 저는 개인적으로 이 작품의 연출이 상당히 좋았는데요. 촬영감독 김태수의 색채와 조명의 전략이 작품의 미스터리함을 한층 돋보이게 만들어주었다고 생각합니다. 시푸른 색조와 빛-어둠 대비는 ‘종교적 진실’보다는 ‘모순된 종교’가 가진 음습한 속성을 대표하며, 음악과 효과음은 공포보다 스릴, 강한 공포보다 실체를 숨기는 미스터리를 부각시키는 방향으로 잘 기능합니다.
==
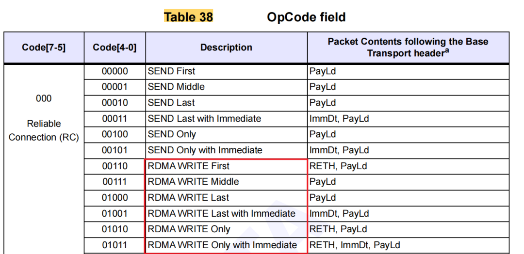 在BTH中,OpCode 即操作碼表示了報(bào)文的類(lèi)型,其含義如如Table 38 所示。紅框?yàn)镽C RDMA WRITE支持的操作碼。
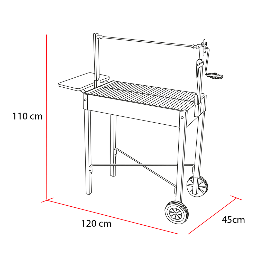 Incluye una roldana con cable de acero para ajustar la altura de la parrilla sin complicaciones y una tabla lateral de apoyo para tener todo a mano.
--
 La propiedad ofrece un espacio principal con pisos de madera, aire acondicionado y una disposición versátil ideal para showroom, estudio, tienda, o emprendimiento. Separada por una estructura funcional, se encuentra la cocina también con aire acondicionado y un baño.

ACTIVITY:
Using the listing above, repeat word for word each line from the one with "在BTH中,OpCode 即操作碼表示了報(bào)文的類(lèi)型,其含義如如Table 38" down to the one with "Incluye una roldana", both included. Omit all pictures.

REPLY:
 在BTH中,OpCode 即操作碼表示了報(bào)文的類(lèi)型,其含義如如Table 38 所示。紅框?yàn)镽C RDMA WRITE支持的操作碼。
 Incluye una roldana con cable de acero para ajustar la altura de la parrilla sin complicaciones y una tabla lateral de apoyo para tener todo a mano.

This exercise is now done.